Sn‐Alloy Foil Electrode with Mechanical Prelithiation: Full‐Cell Performance up to 200 Cycles

Abstract Self‐supporting Sn foil is a promising high‐volumetric‐capacity anode for lithium ion batteries (LIBs), but it suffers from low initial Coulombic efficiency (ICE). Here, mechanical prelithiation is adopted to improve ICE, and it is found that Sn foils with coarser grains are prone to cause electrode damage. To mitigate damage and prepare thinner lithiated electrodes, 3Ag0.5Cu96.5Sn foil is used that has more refined grains (5–10 µm) instead of Sn (50–100 µm), where the abundant grain boundaries (GBs) offer more sliding systems to release stress and reduce deep fractures.
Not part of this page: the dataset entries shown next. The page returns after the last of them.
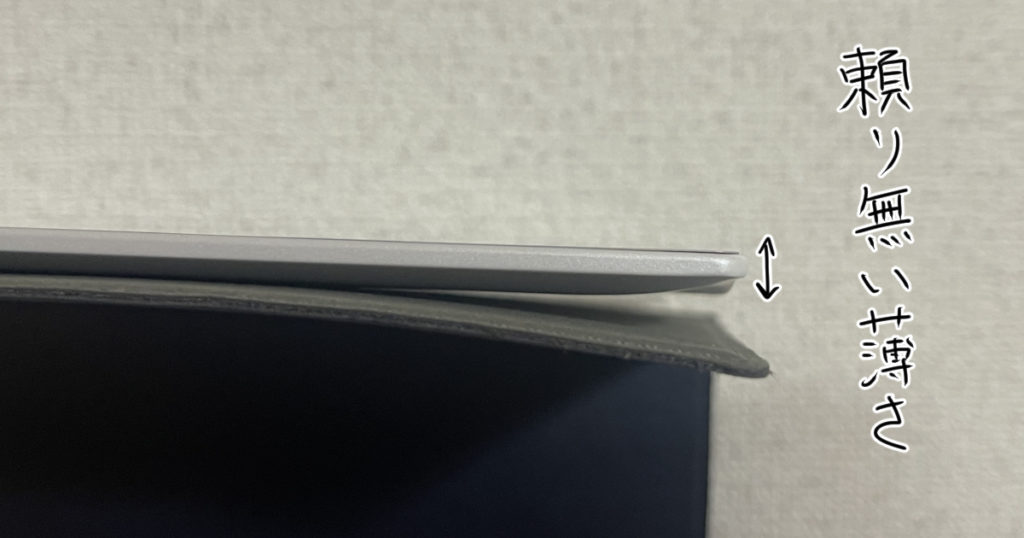 ただ、この薄さに関してはあんまりメリットになっておらず、何か衝撃を与えた時にすぐに曲がってしまうんじゃ無いかという恐ろしさがあります。
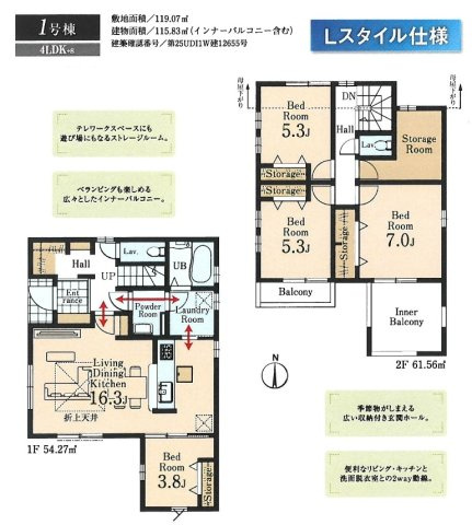 - 所沢市北秋津・全2棟 新築一戸建 1号棟
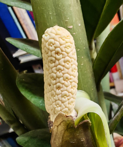 花序类型:雪铁芋的花为佛焰状花序,从植株基部或根茎处抽出细长的花枝,顶部发育出花苞。花序呈肉穗状,外层包裹绿色或浅绿色的佛焰苞(形似船形并反卷),内部为黄白色或浅黄色的肉穗花序。
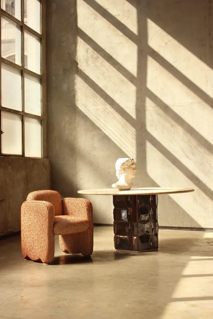 DOOQ! NEW! Organic Modernist Cindy chair with armsIntroducing Cindy, our latest addition embodying the essence of the new wave movement. With its sleek design and fluid lines, Cindy stands as a testament to artistic innovation. Its unique, fully upholstered form beckons admiration, offering not just a piece of furniture but a statement piece. Crafted to evoke a sense of fluidity and harmony, Cindy represents a fusion of artistry and functionality.Made to Order. For sales with delivery address within European territories, VAT will be charged additionally to the stated price.
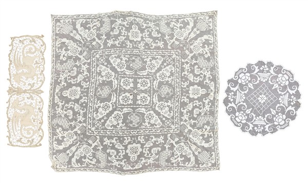 Lotto composto da numerosi pizzi e centrotavola al tombolo e all'uncinetto (difetti e macchie)
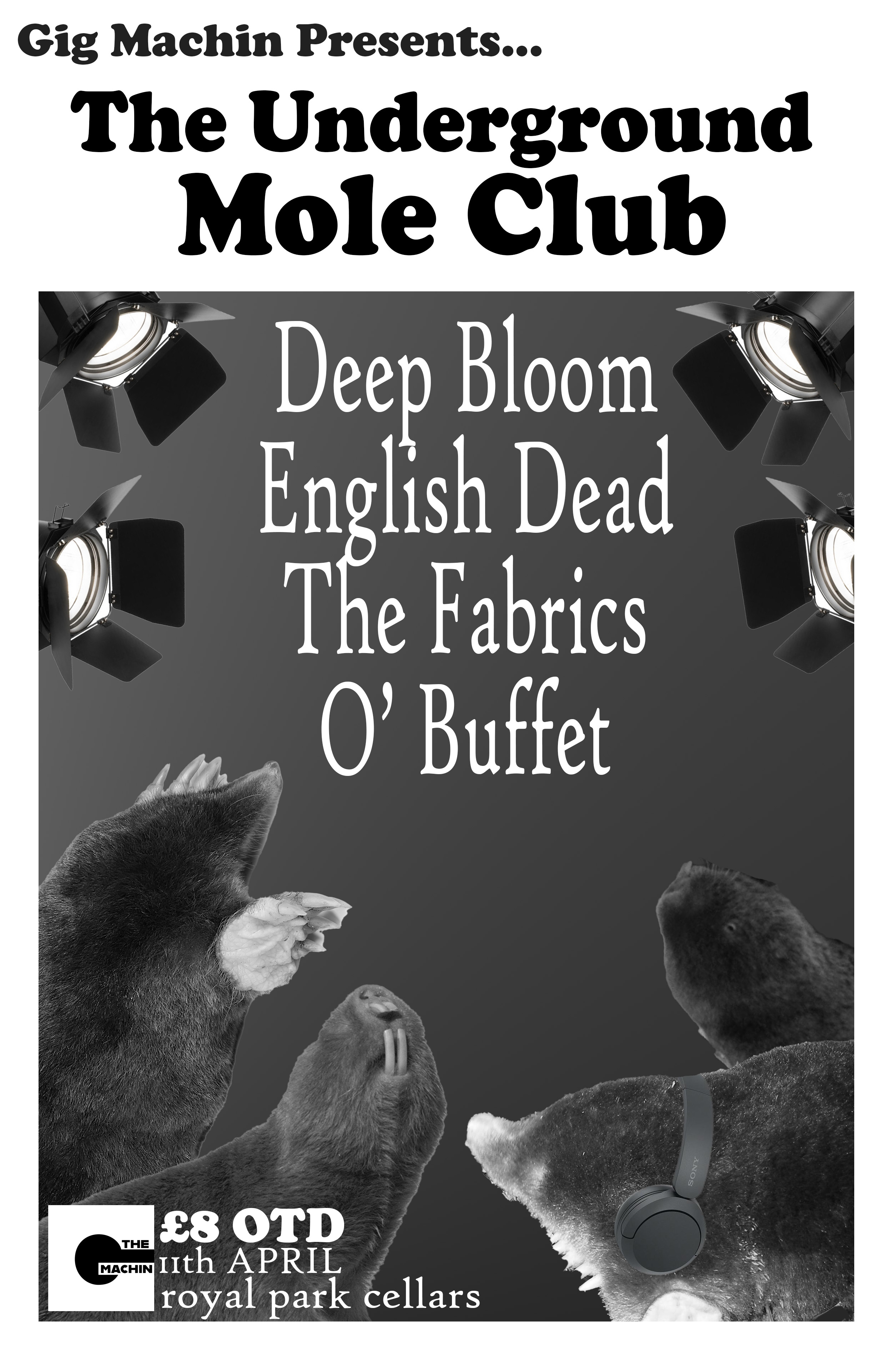 Four great bands enter Royal Park Cellar, I promise you they aren't humans and are just very human looking moles. The fantastic Deep Bloom, English Dead, The Fabrics and O'buffet are mole loving musicians ready to play to a crowd of (hopefully) moles.
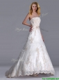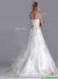Beautiful Princess Strapless Applique and Belted Wedding Dress with Brush Train
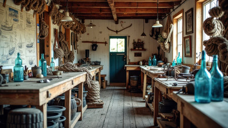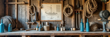 Rustic nautical workshop with wooden tools and maritime decor. That the image is generated using AI.
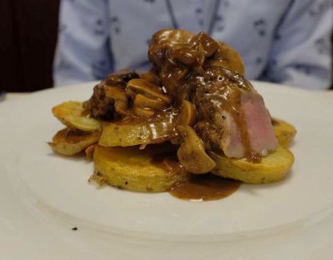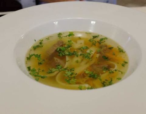 本想去洞穴餐厅的,可没预定到只好随便找一家吃午饭了,看到这家环境不错就想试试看,有点法餐和当地菜系的融合,色拉很清爽但量不大,牛肉汤牛肉味还是很重加这面条有点像面的感觉,点了两份主食,一份牛肉一份...本想去洞穴餐厅的,可没预定到只好随便找一家吃午饭了,看到这家环境不错就想试试看,有点法餐和当地菜系的融合,色拉很清爽但量不大,牛肉汤牛肉味还是很重加这面条有点像面的感觉,点了两份主食,一份牛肉一份鱼,牛肉的酱汁很棒,有嚼劲但不老特别蘸着酱料很好吃,鱼比较清淡,下面垫着奶油意面搭配着吃得很饱,价格也不贵,还给了15[%]左右的小费。
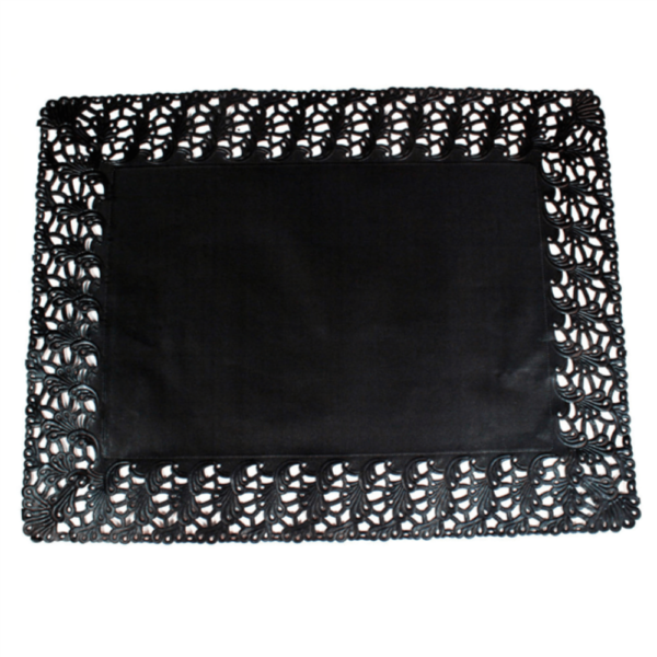 Blonda rectangular con calados para pastelería de color negro fabricada con un alto gramaje de 40 g/m2, con lo que se garantiza una altísima calidad del producto.
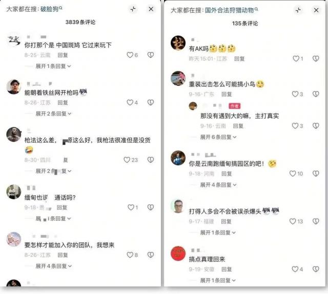 而且这些国外非法狩猎者在短视频平台有大量粉丝,评论区能看到一些“潜在狩猎者”,他们根据自身“狩猎经验”评判视频真实性,表达羡慕向往,甚至因嫉妒讥讽,但因种种“限制”无法行动(当然,评论区也有反对声讨留言)。可以预见,若任由违法信息传播,未来可能有更多“潜在狩猎者”付诸行动。

Thus, the thickness of Li x 3Ag0.5Cu96.5Sn can be reduced to 50 µm, compared to 100 µm Li x Sn. When the foils contact open air, the Sn‐Li‐O(H) products are more stable than Li‐O(H), thus Li x 3Ag0.5Cu96.5Sn shows outstanding air stability. The as‐prepared 50 µm foil anode achieves stable 200 cycles in LiFePO 4 //Li x 3Ag0.5Cu96.5Sn full cell (≈2.65 mAh cm −2 ) and the capacity retention is 95%. Even at 5C, the capacity of Li x 3Ag0.5Cu96.5Sn is still up to ≈1.8 mAh cm −2 . The cycle life of NCM523//Li x 3Ag0.5Cu96.5Sn full cell exceeds that of NCM523//Li. Furthermore, 70 µm Li x 3Ag0.5Cu96.5Sn is used as double‐sided anode for a 3 cm × 2.8 cm pouch cell and its actual volumetric capacity density is 674 mAh cm −3 after 50 cycles.